[Dataset records]

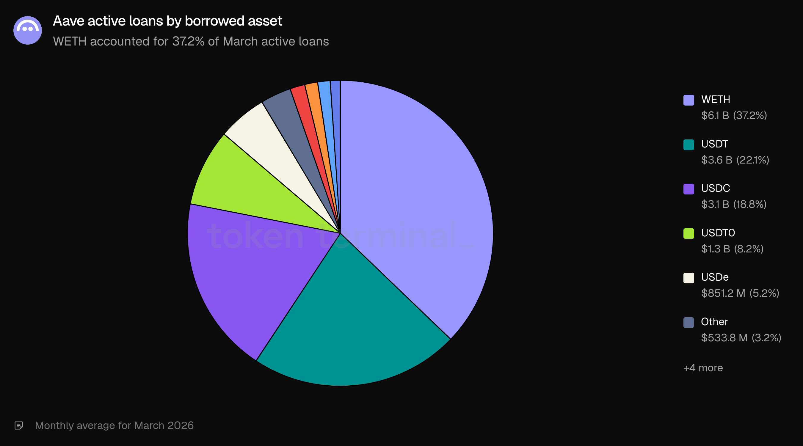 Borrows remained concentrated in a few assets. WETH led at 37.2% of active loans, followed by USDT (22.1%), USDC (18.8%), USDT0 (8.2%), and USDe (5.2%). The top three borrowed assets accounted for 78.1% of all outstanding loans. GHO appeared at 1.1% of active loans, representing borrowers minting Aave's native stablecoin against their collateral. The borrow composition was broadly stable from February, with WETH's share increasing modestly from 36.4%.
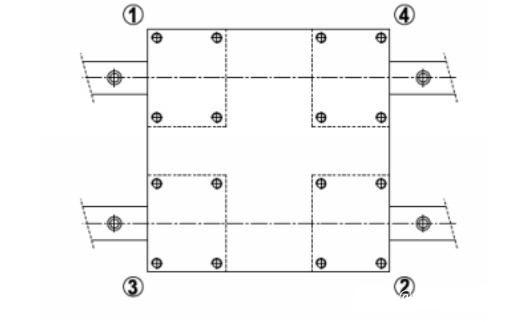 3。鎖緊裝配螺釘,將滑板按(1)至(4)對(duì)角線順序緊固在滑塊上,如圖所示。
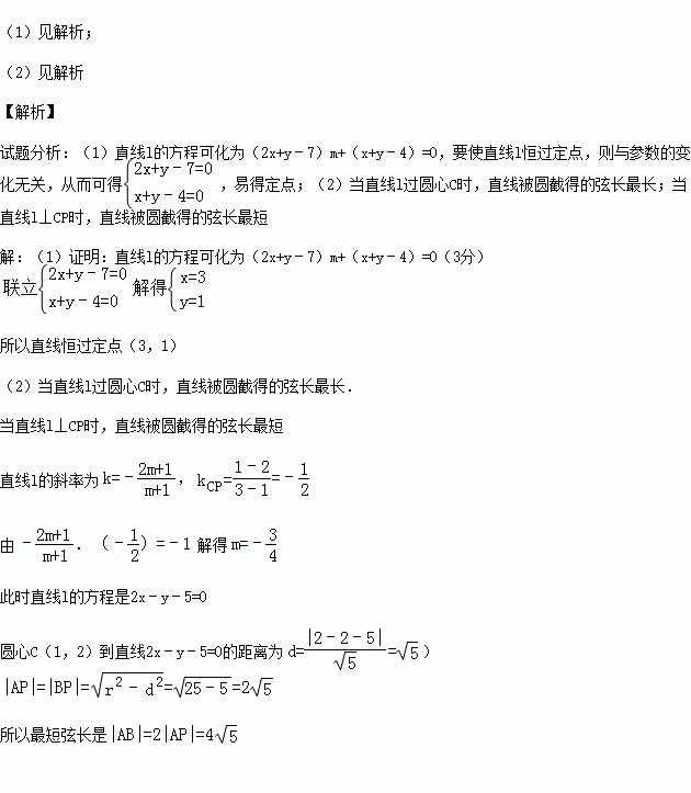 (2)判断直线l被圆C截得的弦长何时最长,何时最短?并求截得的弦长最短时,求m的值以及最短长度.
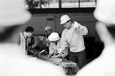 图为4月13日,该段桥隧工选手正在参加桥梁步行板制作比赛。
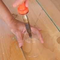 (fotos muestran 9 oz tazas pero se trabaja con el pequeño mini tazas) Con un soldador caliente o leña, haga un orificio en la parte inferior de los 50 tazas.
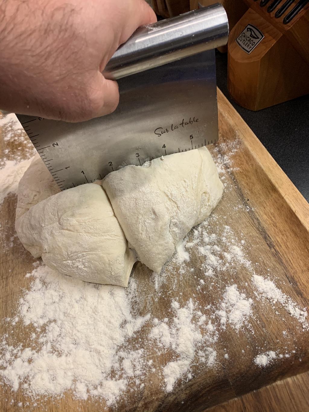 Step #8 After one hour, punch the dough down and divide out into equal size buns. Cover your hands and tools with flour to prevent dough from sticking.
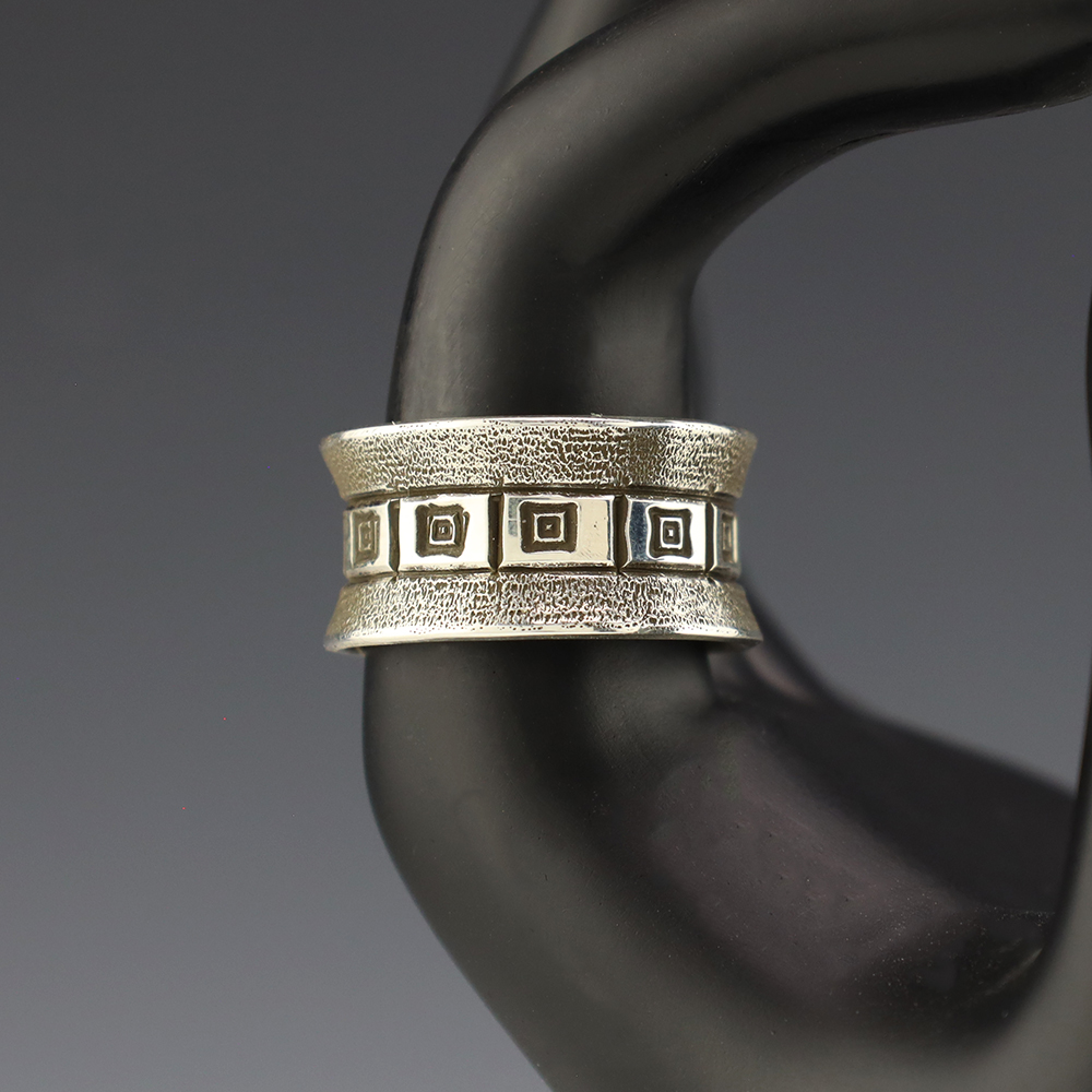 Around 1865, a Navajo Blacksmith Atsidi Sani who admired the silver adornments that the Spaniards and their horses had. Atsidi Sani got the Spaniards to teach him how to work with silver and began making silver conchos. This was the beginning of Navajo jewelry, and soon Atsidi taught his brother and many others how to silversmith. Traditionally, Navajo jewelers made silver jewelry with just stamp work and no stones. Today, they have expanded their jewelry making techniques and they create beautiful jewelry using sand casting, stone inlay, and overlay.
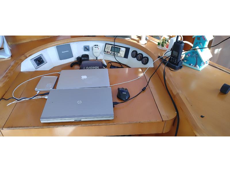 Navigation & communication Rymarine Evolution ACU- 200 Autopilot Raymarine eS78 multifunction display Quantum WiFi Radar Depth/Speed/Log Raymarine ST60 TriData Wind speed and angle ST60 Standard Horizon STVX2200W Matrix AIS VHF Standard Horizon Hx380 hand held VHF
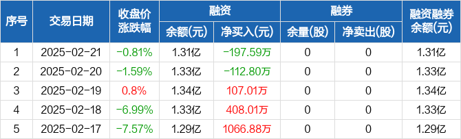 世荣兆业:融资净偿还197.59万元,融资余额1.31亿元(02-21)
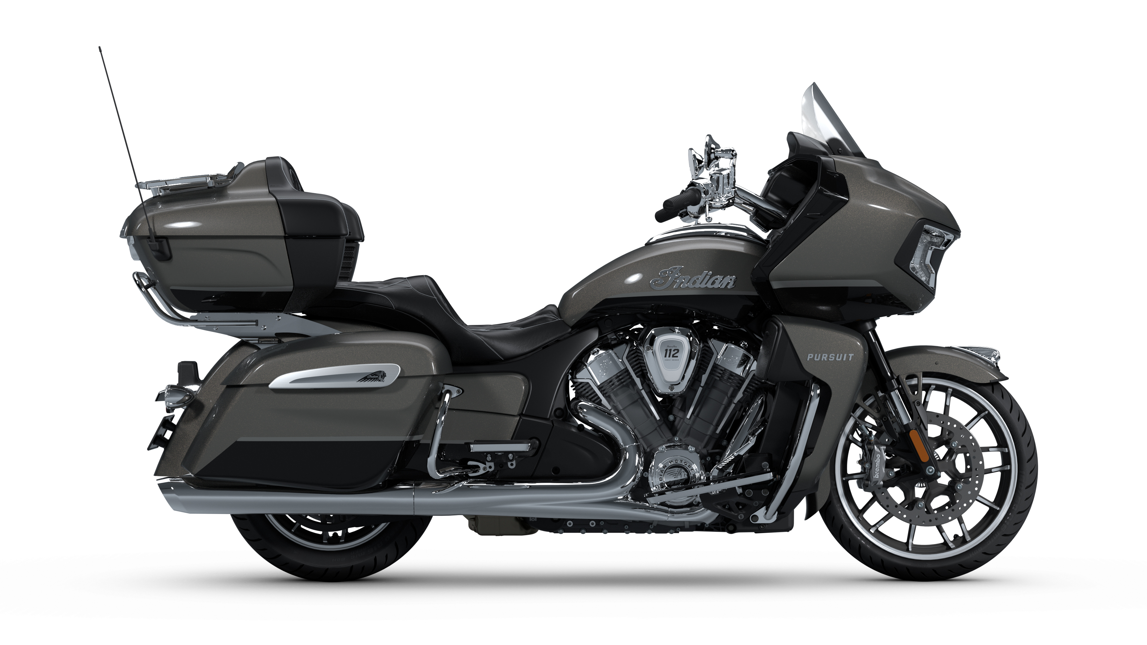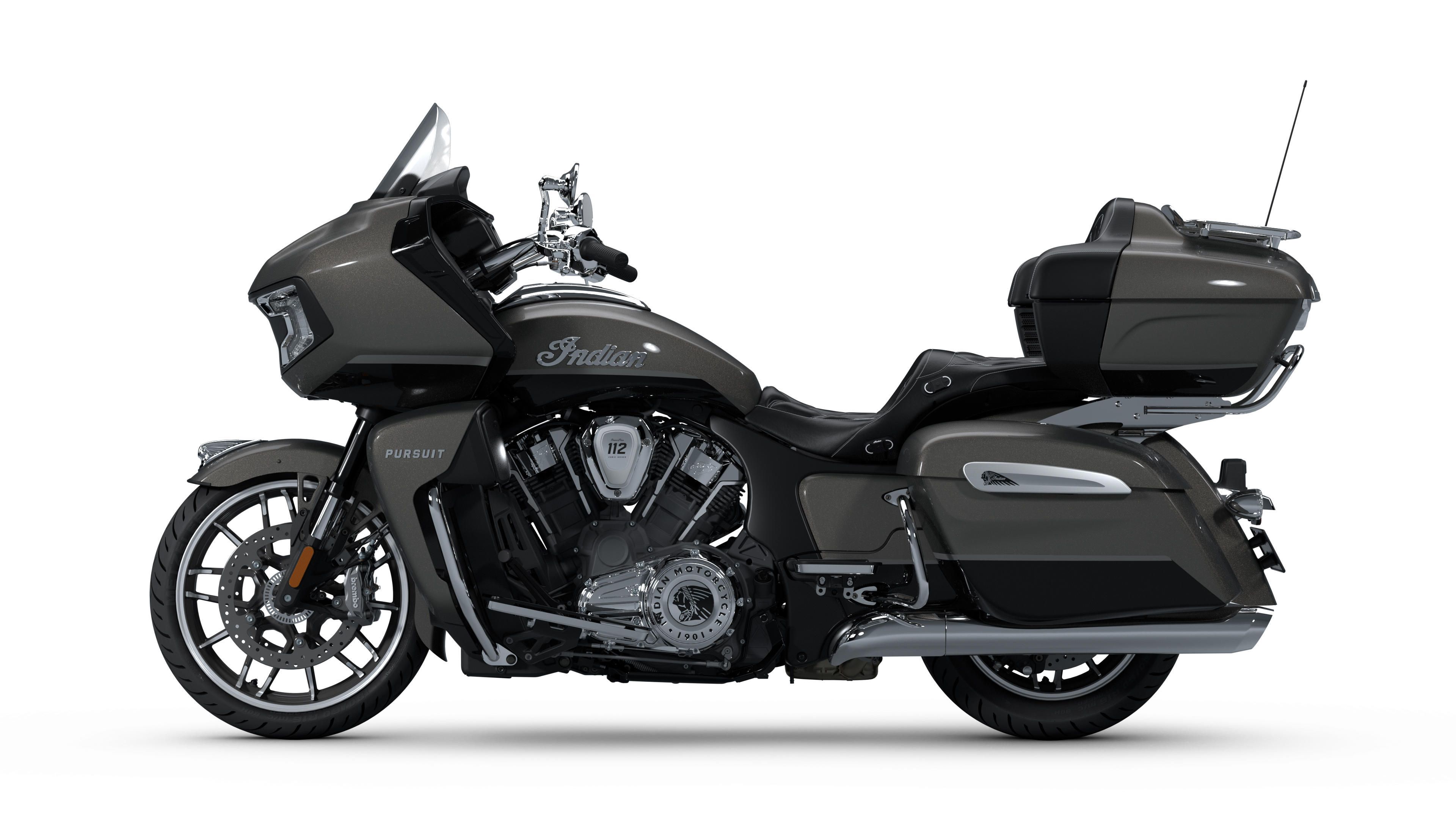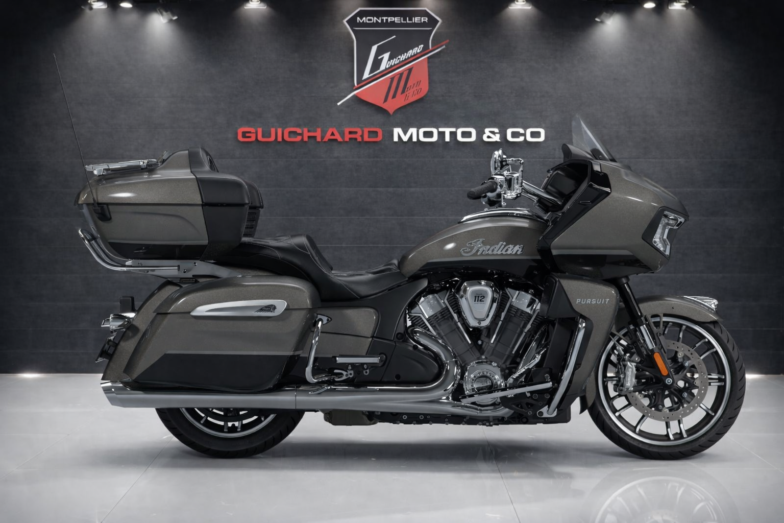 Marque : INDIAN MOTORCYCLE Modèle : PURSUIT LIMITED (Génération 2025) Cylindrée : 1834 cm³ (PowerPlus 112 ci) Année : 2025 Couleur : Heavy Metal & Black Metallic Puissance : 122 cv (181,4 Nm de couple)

■ Action item
Apart from the images, the entries above must be returned without alteration.

■ Task answer
 Borrows remained concentrated in a few assets. WETH led at 37.2% of active loans, followed by USDT (22.1%), USDC (18.8%), USDT0 (8.2%), and USDe (5.2%). The top three borrowed assets accounted for 78.1% of all outstanding loans. GHO appeared at 1.1% of active loans, representing borrowers minting Aave's native stablecoin against their collateral. The borrow composition was broadly stable from February, with WETH's share increasing modestly from 36.4%.
 3。鎖緊裝配螺釘,將滑板按(1)至(4)對(duì)角線順序緊固在滑塊上,如圖所示。
 (2)判断直线l被圆C截得的弦长何时最长,何时最短?并求截得的弦长最短时,求m的值以及最短长度.
 图为4月13日,该段桥隧工选手正在参加桥梁步行板制作比赛。
 (fotos muestran 9 oz tazas pero se trabaja con el pequeño mini tazas) Con un soldador caliente o leña, haga un orificio en la parte inferior de los 50 tazas.
 Step #8 After one hour, punch the dough down and divide out into equal size buns. Cover your hands and tools with flour to prevent dough from sticking.
 Around 1865, a Navajo Blacksmith Atsidi Sani who admired the silver adornments that the Spaniards and their horses had. Atsidi Sani got the Spaniards to teach him how to work with silver and began making silver conchos. This was the beginning of Navajo jewelry, and soon Atsidi taught his brother and many others how to silversmith. Traditionally, Navajo jewelers made silver jewelry with just stamp work and no stones. Today, they have expanded their jewelry making techniques and they create beautiful jewelry using sand casting, stone inlay, and overlay.
 Navigation & communication Rymarine Evolution ACU- 200 Autopilot Raymarine eS78 multifunction display Quantum WiFi Radar Depth/Speed/Log Raymarine ST60 TriData Wind speed and angle ST60 Standard Horizon STVX2200W Matrix AIS VHF Standard Horizon Hx380 hand held VHF
 世荣兆业:融资净偿还197.59万元,融资余额1.31亿元(02-21)
 Marque : INDIAN MOTORCYCLE Modèle : PURSUIT LIMITED (Génération 2025) Cylindrée : 1834 cm³ (PowerPlus 112 ci) Année : 2025 Couleur : Heavy Metal & Black Metallic Puissance : 122 cv (181,4 Nm de couple)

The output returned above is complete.